# Records drawn from a dataset
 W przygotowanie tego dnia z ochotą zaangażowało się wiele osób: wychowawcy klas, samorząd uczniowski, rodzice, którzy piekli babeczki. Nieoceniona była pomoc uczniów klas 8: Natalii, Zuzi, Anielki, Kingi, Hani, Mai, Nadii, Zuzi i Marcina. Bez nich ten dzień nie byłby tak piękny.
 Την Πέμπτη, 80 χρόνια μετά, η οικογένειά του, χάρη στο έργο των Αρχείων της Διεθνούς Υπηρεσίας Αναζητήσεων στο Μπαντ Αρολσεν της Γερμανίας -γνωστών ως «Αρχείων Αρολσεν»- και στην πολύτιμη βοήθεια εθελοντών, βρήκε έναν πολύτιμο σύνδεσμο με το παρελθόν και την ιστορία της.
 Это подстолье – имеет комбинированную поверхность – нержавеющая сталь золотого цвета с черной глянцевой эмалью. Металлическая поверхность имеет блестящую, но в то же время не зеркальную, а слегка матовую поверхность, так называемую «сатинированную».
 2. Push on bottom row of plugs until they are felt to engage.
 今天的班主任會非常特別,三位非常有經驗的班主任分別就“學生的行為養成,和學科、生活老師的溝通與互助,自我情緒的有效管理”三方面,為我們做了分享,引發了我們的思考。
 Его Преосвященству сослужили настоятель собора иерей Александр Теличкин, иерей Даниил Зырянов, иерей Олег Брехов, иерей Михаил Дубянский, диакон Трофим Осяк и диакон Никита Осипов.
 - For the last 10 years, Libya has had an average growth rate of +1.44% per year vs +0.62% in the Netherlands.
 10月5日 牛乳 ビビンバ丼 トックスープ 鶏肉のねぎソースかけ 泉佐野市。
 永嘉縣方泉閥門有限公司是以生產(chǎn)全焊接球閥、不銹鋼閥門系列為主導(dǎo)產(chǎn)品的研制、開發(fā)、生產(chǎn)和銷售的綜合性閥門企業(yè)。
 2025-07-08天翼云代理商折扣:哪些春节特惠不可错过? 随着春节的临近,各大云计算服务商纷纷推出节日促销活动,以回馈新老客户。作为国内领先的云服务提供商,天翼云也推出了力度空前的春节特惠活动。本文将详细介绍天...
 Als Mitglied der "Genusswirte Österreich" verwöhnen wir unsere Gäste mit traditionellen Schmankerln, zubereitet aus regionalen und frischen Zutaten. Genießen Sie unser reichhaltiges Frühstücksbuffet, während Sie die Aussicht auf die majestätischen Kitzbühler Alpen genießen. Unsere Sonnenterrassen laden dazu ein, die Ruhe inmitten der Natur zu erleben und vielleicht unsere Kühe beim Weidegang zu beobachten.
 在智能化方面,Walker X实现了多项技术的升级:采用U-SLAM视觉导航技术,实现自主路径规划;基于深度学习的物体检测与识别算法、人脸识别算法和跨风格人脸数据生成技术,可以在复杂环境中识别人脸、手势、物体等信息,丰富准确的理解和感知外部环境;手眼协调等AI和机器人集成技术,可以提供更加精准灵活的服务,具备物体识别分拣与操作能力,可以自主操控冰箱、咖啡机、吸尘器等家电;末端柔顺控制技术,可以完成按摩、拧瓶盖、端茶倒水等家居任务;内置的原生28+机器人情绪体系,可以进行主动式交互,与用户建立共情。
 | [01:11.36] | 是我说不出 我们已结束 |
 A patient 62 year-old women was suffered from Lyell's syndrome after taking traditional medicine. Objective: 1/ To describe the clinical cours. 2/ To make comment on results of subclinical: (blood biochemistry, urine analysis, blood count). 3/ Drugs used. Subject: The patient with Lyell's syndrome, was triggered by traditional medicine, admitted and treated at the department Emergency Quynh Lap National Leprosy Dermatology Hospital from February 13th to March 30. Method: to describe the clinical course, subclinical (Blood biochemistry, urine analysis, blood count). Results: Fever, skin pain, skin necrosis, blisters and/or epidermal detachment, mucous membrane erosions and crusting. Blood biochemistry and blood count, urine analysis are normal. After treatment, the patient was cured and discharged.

# Task goal
Only the lines from the one containing "Als Mitglied der" through the end of the data above are wanted, both ends included; restate them word for word.

# Solution to this task
 Als Mitglied der "Genusswirte Österreich" verwöhnen wir unsere Gäste mit traditionellen Schmankerln, zubereitet aus regionalen und frischen Zutaten. Genießen Sie unser reichhaltiges Frühstücksbuffet, während Sie die Aussicht auf die majestätischen Kitzbühler Alpen genießen. Unsere Sonnenterrassen laden dazu ein, die Ruhe inmitten der Natur zu erleben und vielleicht unsere Kühe beim Weidegang zu beobachten.
 在智能化方面,Walker X实现了多项技术的升级:采用U-SLAM视觉导航技术,实现自主路径规划;基于深度学习的物体检测与识别算法、人脸识别算法和跨风格人脸数据生成技术,可以在复杂环境中识别人脸、手势、物体等信息,丰富准确的理解和感知外部环境;手眼协调等AI和机器人集成技术,可以提供更加精准灵活的服务,具备物体识别分拣与操作能力,可以自主操控冰箱、咖啡机、吸尘器等家电;末端柔顺控制技术,可以完成按摩、拧瓶盖、端茶倒水等家居任务;内置的原生28+机器人情绪体系,可以进行主动式交互,与用户建立共情。
 | [01:11.36] | 是我说不出 我们已结束 |
 A patient 62 year-old women was suffered from Lyell's syndrome after taking traditional medicine. Objective: 1/ To describe the clinical cours. 2/ To make comment on results of subclinical: (blood biochemistry, urine analysis, blood count). 3/ Drugs used. Subject: The patient with Lyell's syndrome, was triggered by traditional medicine, admitted and treated at the department Emergency Quynh Lap National Leprosy Dermatology Hospital from February 13th to March 30. Method: to describe the clinical course, subclinical (Blood biochemistry, urine analysis, blood count). Results: Fever, skin pain, skin necrosis, blisters and/or epidermal detachment, mucous membrane erosions and crusting. Blood biochemistry and blood count, urine analysis are normal. After treatment, the patient was cured and discharged.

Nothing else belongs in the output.